---------- ENTRIES PROVIDED ----------

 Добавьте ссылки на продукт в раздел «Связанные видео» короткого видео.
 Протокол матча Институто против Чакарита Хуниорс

----------
---------- ENTRIES PROVIDED ----------

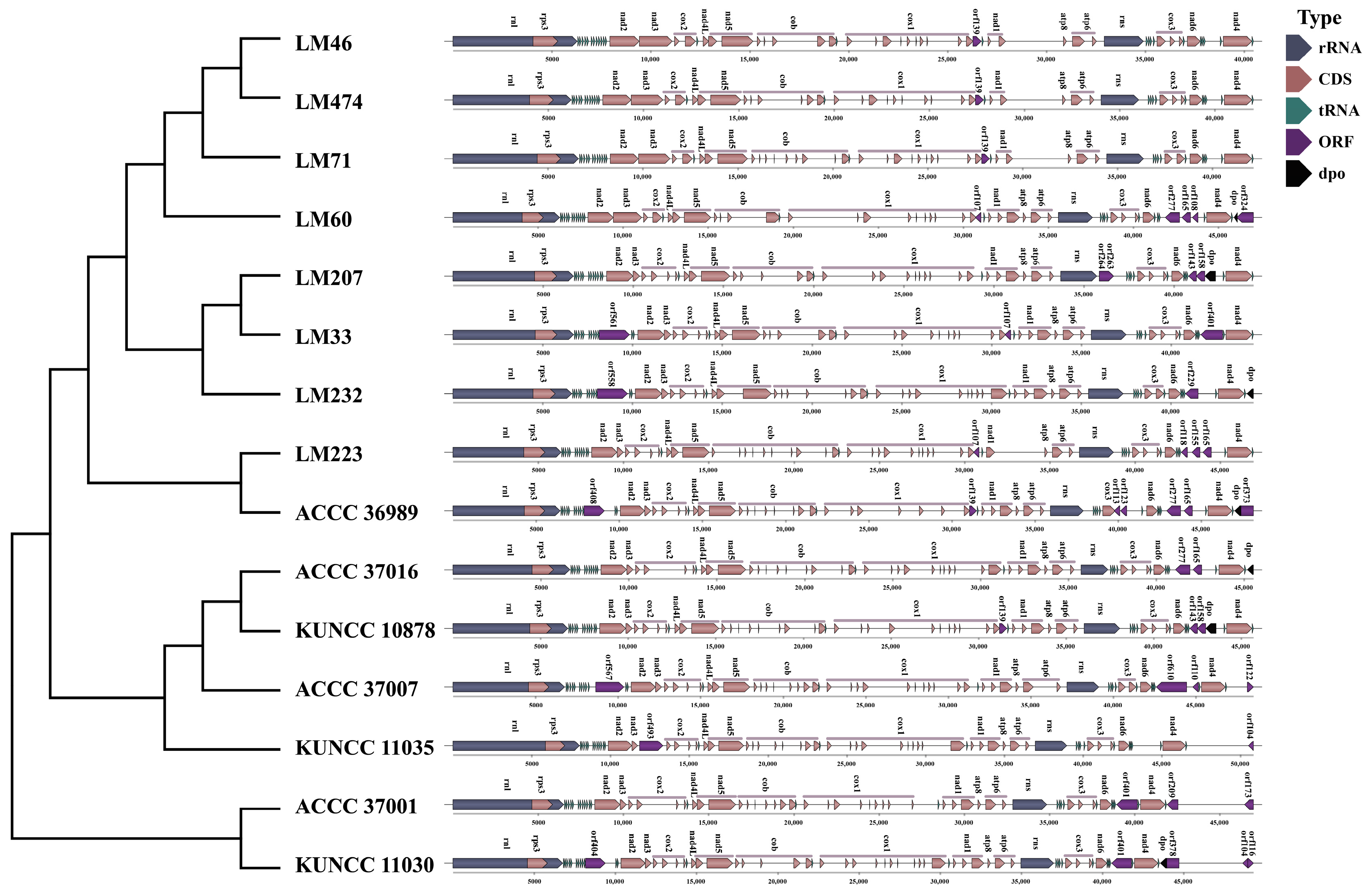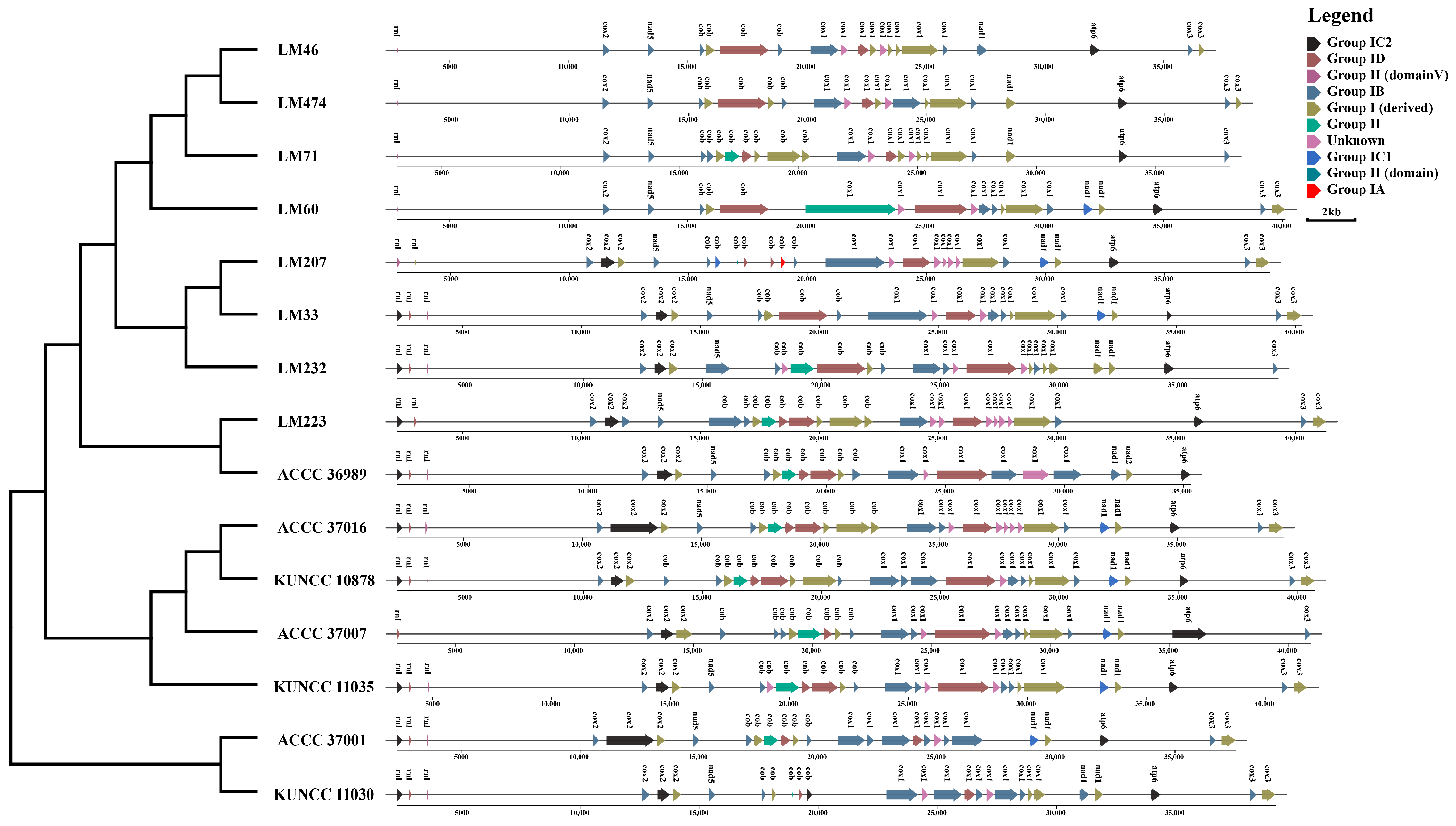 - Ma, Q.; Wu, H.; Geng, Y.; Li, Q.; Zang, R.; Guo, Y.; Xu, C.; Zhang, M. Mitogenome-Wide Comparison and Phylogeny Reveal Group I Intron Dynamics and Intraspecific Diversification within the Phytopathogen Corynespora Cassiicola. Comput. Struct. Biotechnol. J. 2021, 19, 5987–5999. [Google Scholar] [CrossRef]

----------

* [EXERCISE]
Starting at the line that has "Добавьте ссылки на" and ending at the line that has "Протокол матча Институто", please write out the lines above exactly, leaving out all others.

* [SOLVED EXERCISE]
 Добавьте ссылки на продукт в раздел «Связанные видео» короткого видео.
 Протокол матча Институто против Чакарита Хуниорс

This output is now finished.